## Problem statement
From the entries below, transcribe exactly the lines between the line holding "Женская камуфляжная футболка" and the line holding "该车增加了宽体碳纤维套件、2", inclusive; skip all other lines.

## Records shown
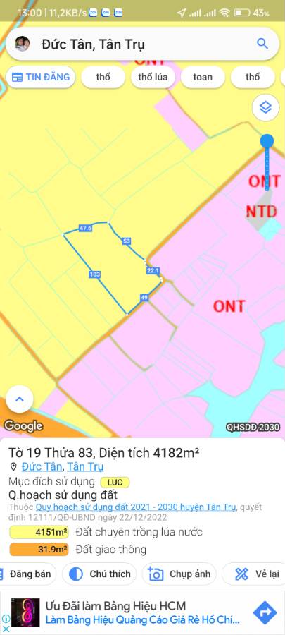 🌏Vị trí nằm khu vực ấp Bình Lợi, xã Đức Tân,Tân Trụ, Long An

* * *

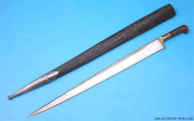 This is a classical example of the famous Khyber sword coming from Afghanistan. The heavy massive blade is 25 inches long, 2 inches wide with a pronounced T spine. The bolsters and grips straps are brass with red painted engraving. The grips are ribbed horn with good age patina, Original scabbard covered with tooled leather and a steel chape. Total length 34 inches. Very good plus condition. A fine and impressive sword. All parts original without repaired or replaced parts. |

...

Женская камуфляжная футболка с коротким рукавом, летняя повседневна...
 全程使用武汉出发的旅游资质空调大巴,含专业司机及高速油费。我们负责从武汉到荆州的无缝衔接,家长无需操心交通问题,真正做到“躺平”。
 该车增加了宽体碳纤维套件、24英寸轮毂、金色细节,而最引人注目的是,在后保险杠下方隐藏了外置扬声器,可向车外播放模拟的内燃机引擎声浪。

## Reply
Женская камуфляжная футболка с коротким рукавом, летняя повседневна...
 全程使用武汉出发的旅游资质空调大巴,含专业司机及高速油费。我们负责从武汉到荆州的无缝衔接,家长无需操心交通问题,真正做到“躺平”。
 该车增加了宽体碳纤维套件、24英寸轮毂、金色细节,而最引人注目的是,在后保险杠下方隐藏了外置扬声器,可向车外播放模拟的内燃机引擎声浪。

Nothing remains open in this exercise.